PROVIDED DATA:
----------

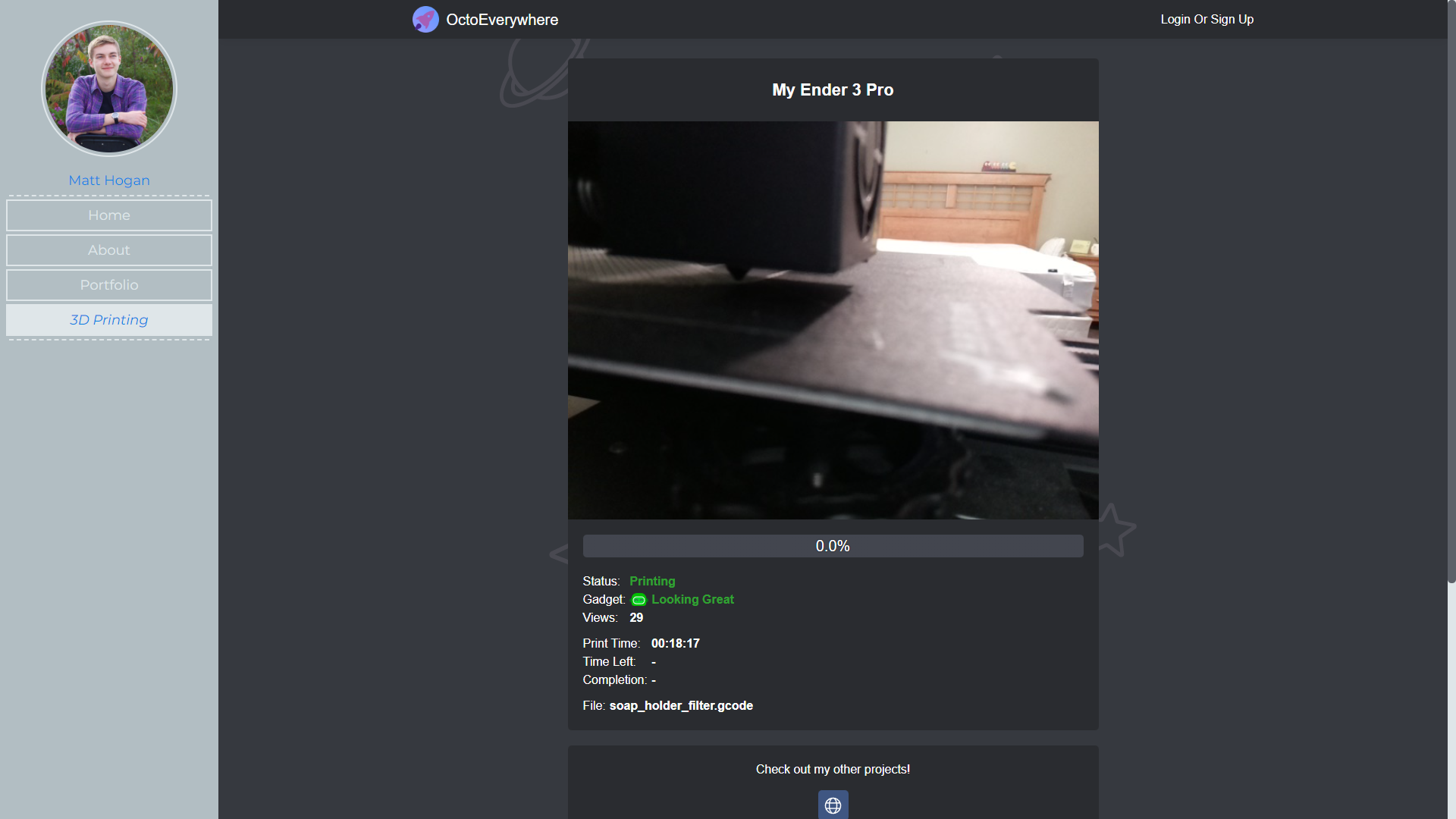 Hey there! Today, I'm super happy to bring back a hobby of mine through the use of both a Raspberry Pi 3 mini-computer and my new portfolio website. Thanks to the OctoPi software and a few third-party plugins, I can now share my prints both during and after their completion. In time, I'll have a small collection of time lapse videos and plan to make a nice little gallery for them, but until then I hope you enjoy the livestreaming feature that's all ready to go!
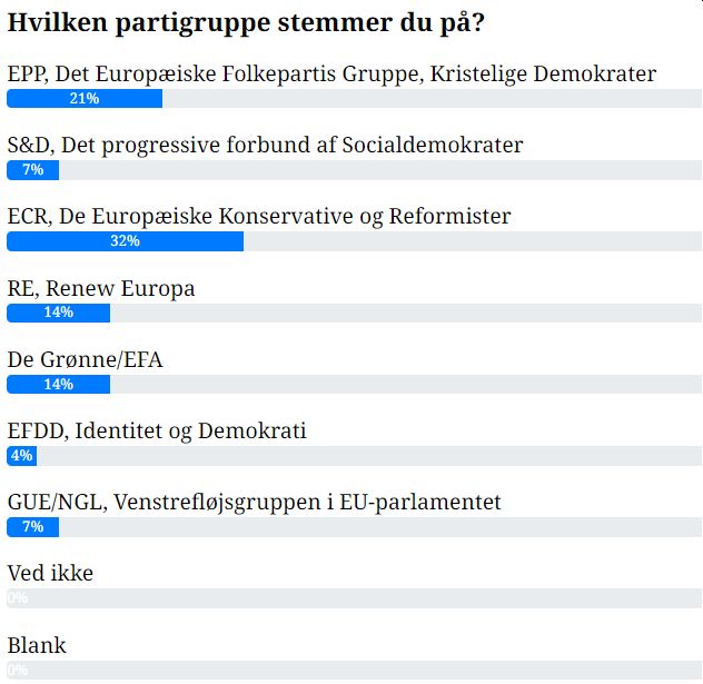 Forrige lørdag inviterede vi vores læsere til en meningsmåling om de politiske grupper i EU-Parlamentet, som de enkelte valgte MEP’ere slutter sig til, efter de er blevet valgt. Det er jo der, den reelle magt ligger.
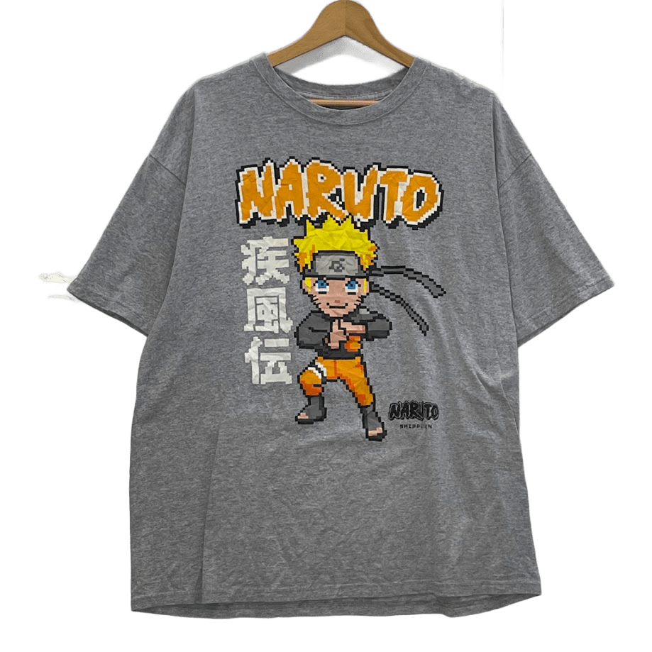 00's NARUTO 疾風伝 ナルト ドット絵 アニメTシャツ キャラクター 当時物 キャラT フロントプリント オーバーサイズ ビッグシルエット XLサイズ メキシコ製 グレー | OASISCLOTHING 海外古着屋【公式】通販サイト

----------

DIRECTIONS FOR THIS TASK:
Skip the images and set down the rest of the data unchanged.

SOLUTION TO THIS EXERCISE:
 Hey there! Today, I'm super happy to bring back a hobby of mine through the use of both a Raspberry Pi 3 mini-computer and my new portfolio website. Thanks to the OctoPi software and a few third-party plugins, I can now share my prints both during and after their completion. In time, I'll have a small collection of time lapse videos and plan to make a nice little gallery for them, but until then I hope you enjoy the livestreaming feature that's all ready to go!
 Forrige lørdag inviterede vi vores læsere til en meningsmåling om de politiske grupper i EU-Parlamentet, som de enkelte valgte MEP’ere slutter sig til, efter de er blevet valgt. Det er jo der, den reelle magt ligger.
 00's NARUTO 疾風伝 ナルト ドット絵 アニメTシャツ キャラクター 当時物 キャラT フロントプリント オーバーサイズ ビッグシルエット XLサイズ メキシコ製 グレー | OASISCLOTHING 海外古着屋【公式】通販サイト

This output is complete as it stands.